> **Data extracts**

-----

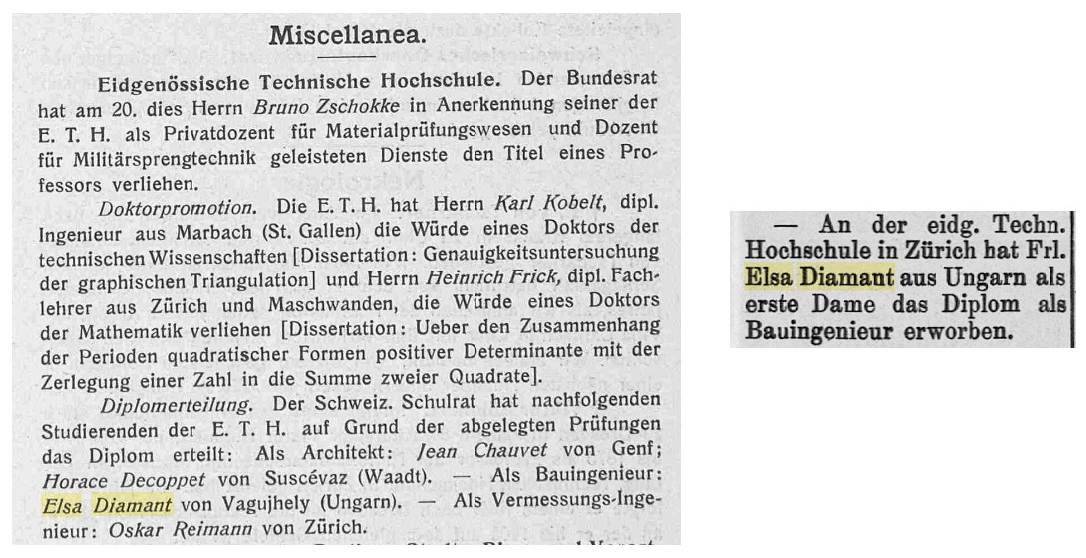 [8] Ld. Frauenförderung an der ETH, url: https://ethz.ch/staffnet/de/anstellung-und-arbeit/arbeitsumfeld/diversity/themen/frauenfoerderung.html (letöltés dátuma: 2026. február 10.) Érdekes módon az ETH saját adatbázisa 1919-et tüntet fel Diamant Elza diplomázásának éveként, holott a papírjaiból nyilvánvalóan kiolvasható az 1918-as dátum. Helyesen szerepel viszont egy 2017-es müncheni kiállítás kapcsán megjelent tanulmányban a mérnöki hivatás fejlődéséről: Bill Addis: Tief- und Hochbauingenieure - die Entstehung der Berufe. In: Visionäre und Alltagshelden. Ingenieure Bauen Zukunft. Detail, München, 2017. 14-19. o. Url: https://issuu.com/detail-magazine/docs/bk_978-3-95553-375-5_visionaere_und (letöltés dátuma: 2026. február 10.)
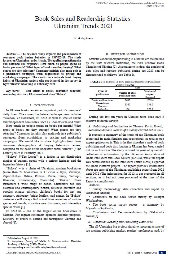 Book Sales and Readership Statistics: Ukrainian Trends 2021
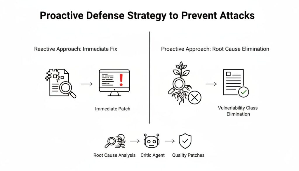 そして、より重要かつ革新的なのが「プロアクティブ(積極的)」なアプローチです。これは、特定のバグを一つひとつ修正するのではなく、脆弱性が生まれる根本的な原因を特定し、その「脆弱性のクラス(種類)」全体を排除するようにコードを書き換えるアプローチです。
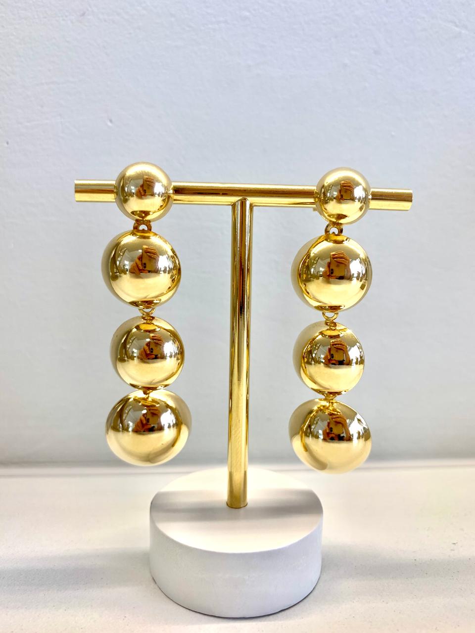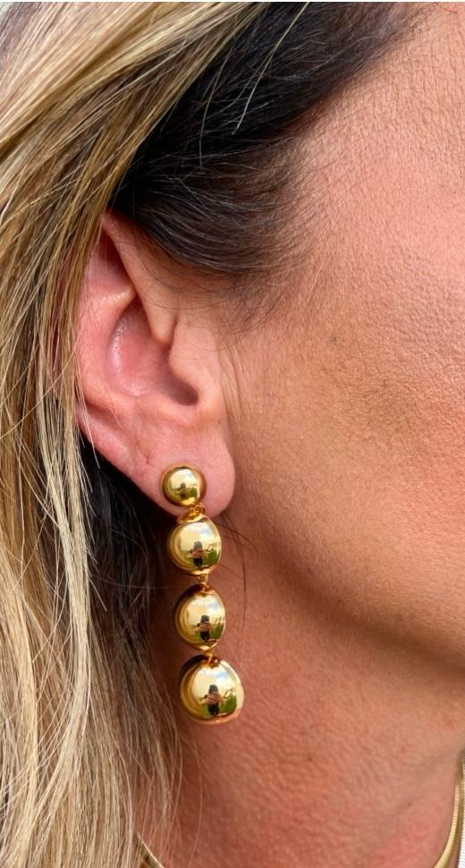 Brinco esferas banhado ouro 18k.
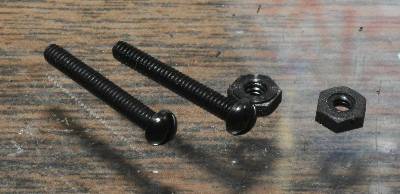 These are the Walthers plastic screws and nuts. I don't think they are made anymore but any screw and nut will do as long as you use something to secure the nut and cut the screw off to the right length.
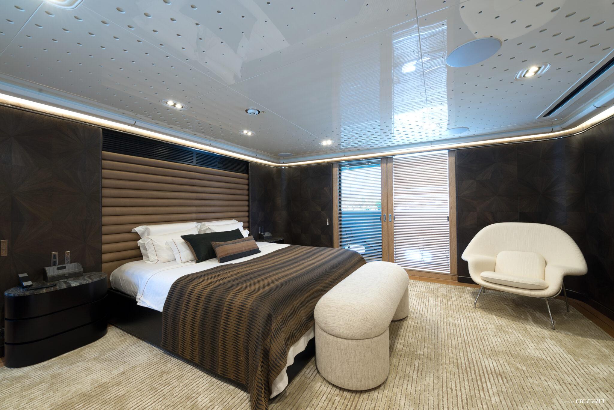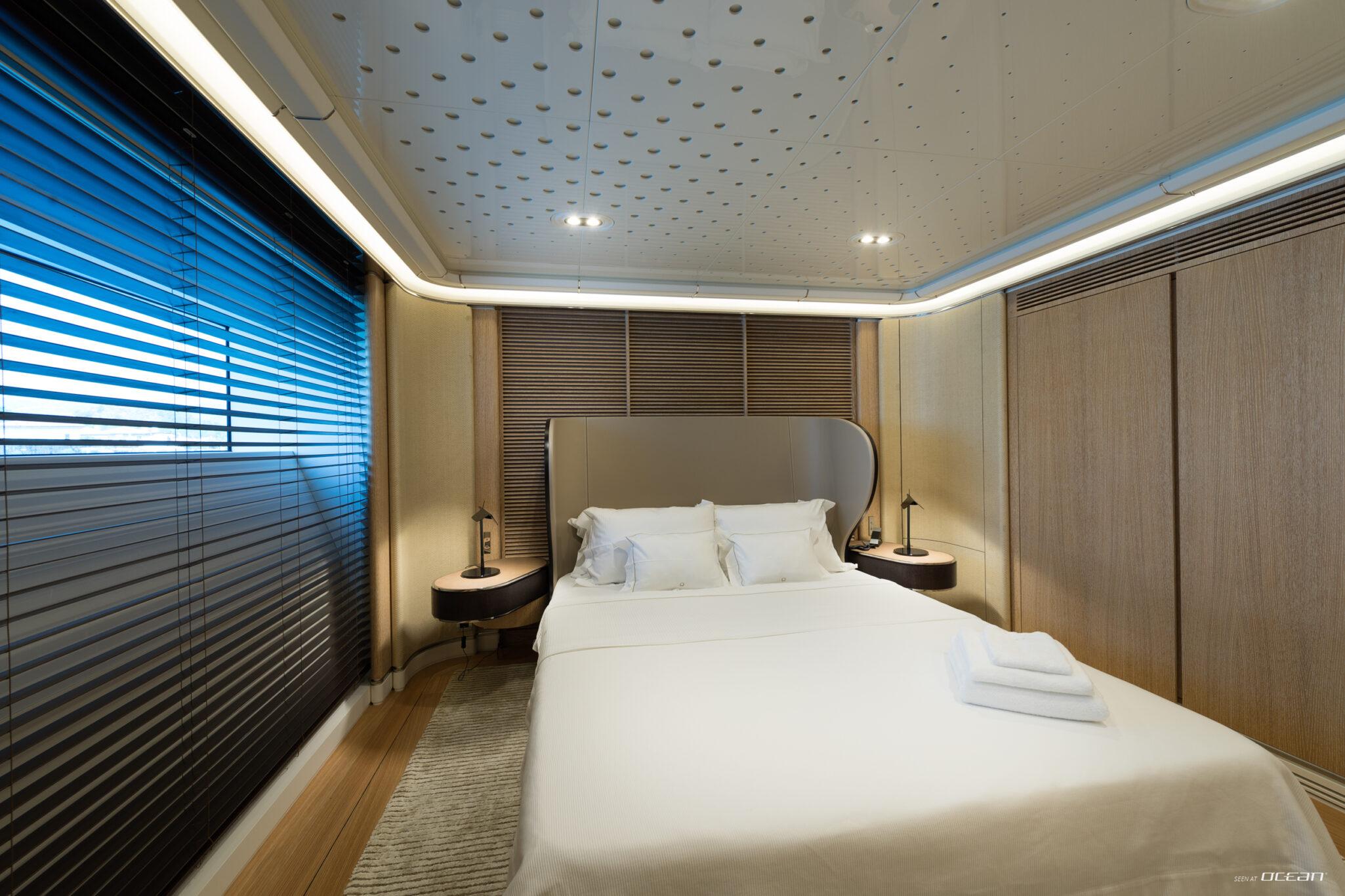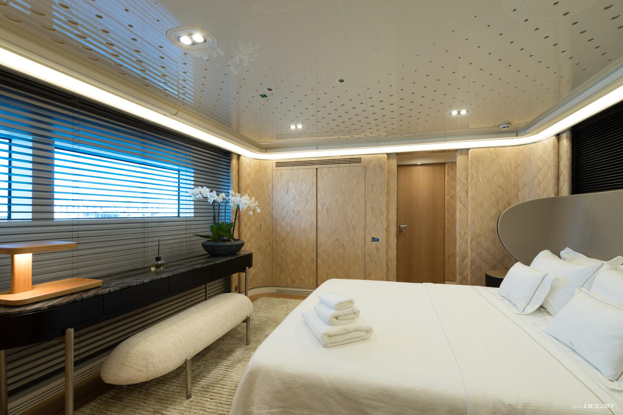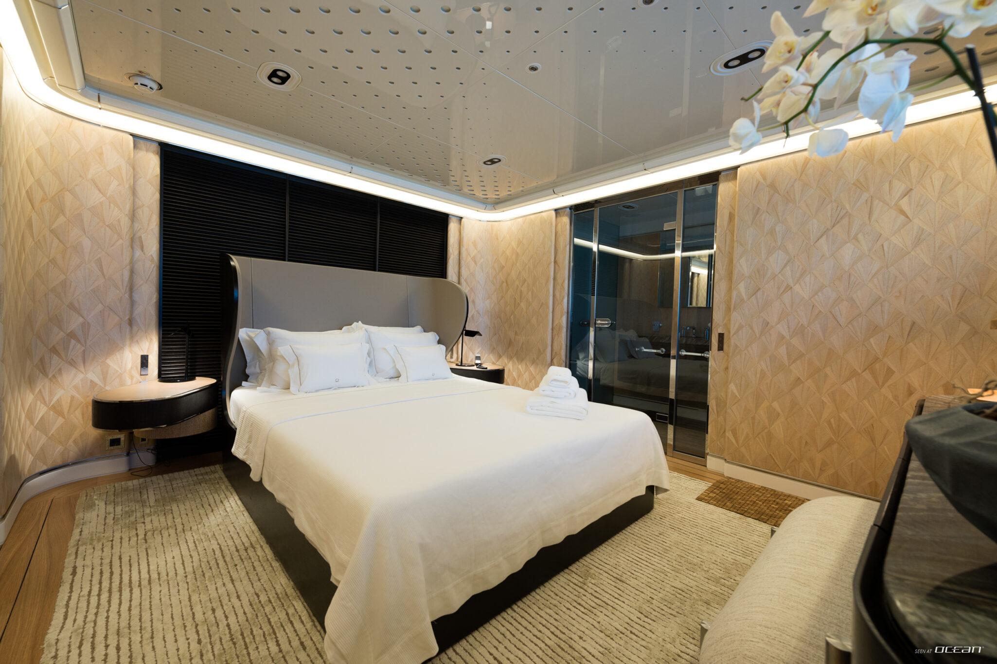 Charter Yacht AQUARIUS accommodates up to 10 guests in 5 cabins, including a main deck master suite with 2 balconies and an office, along with 4 double cabins on the lower deck, one arranged as a twin. This layout supports a variety of group configurations, from families to couples, while each cabin is equipped with ensuite facilities, smart TVs, Starlink internet, and integrated audio-visual systems for onboard entertainment.
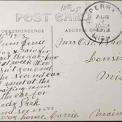 Real photo postcard of Perry, Michigan, Main Street after the 1913 fire. Postally used, 1913 Perry postmark.
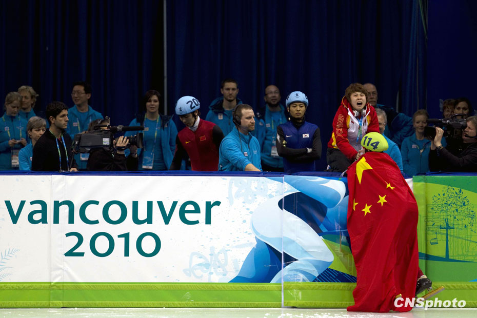2月21日中午,剛剛結束的冬奧會短道速滑女子1500米決賽中,中國選手周洋力壓各路名將,以破奧運會紀錄的2分16秒993的成績奪冠,為中國代表團添得第三金。中新社發 盛佳鵬 攝
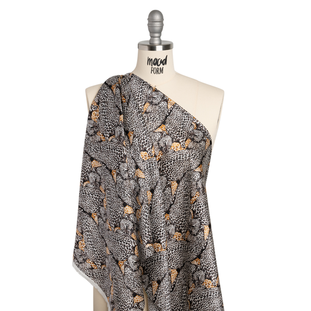 Create truly endangered pieces with this Snow Leopards 19mm Silk Charmeuse. With a subtle luster, it features a fluid drape and silky smooth hand that you won’t want to let go of.Suggested Projects: Dresses, Skirts, Lingerie, BlousesContent: 100% SilkStretch: NoneOpacity: TranslucentBlack, beige, and white snow leopards look back at you from within this charmeuse. Fluid and lightweight, this silk charmeuse is of the highest quality, with a smooth, slippery feel adding to its luxurious look. Create slip dresses and bias-cut evening gowns, dreamy lingerie, or effortless dusters. Translucent, particularly in the lighter-colored areas, a lining may be added to increase opacity and structure but isn't of necessity.
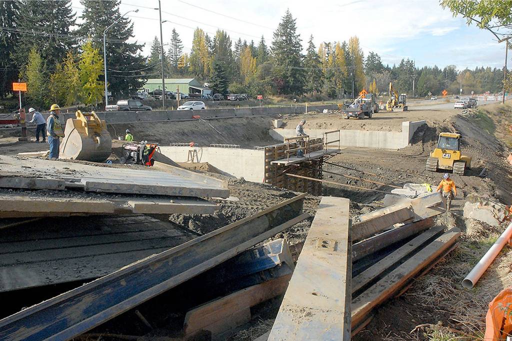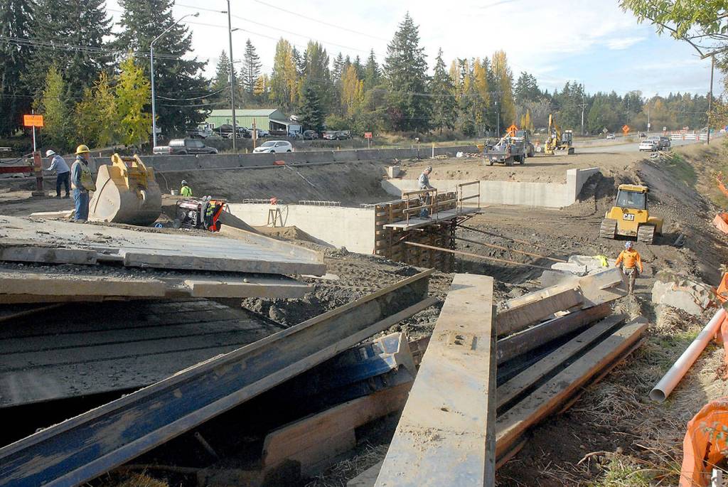 Crews this week were working on abutment walls and foundations for the western half of the Bagley Creek bridge. Girders for the bridge are scheduled to be delivered during the second week of November, Werner said.
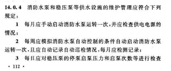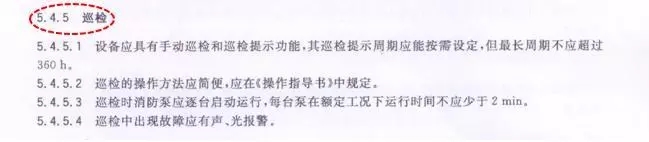在各個部分標準的前言中,均對該國標的強制執行與推薦執行部分進行了劃分,在各個國標第5章內容描述了對固定給水設備的控制要求,屬于強制執行部分。其中均提到的對消防泵巡檢的要求。下面截取了標準中的描述:
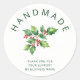 Minimalist Holly Branches Handmade Business Support Classic Round Stickers.
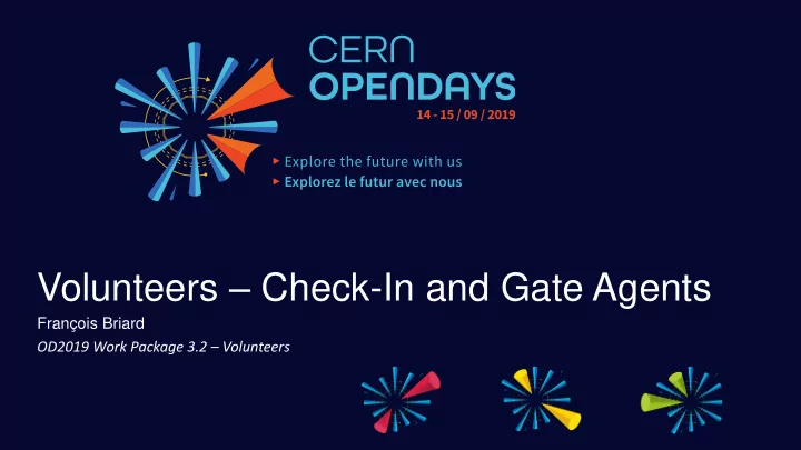 Volunteers – Check-In and Gate Agents François Briard OD2019 Work Package 3.2 – Volunteers

-----

> **Problem**
Between and including the line above that contains "Brinco esferas banhado ouro 18k." and the line that contains "These are the", restate every line word for word. Pictures stay out.

> **Task response**
 Brinco esferas banhado ouro 18k.
 These are the Walthers plastic screws and nuts. I don't think they are made anymore but any screw and nut will do as long as you use something to secure the nut and cut the screw off to the right length.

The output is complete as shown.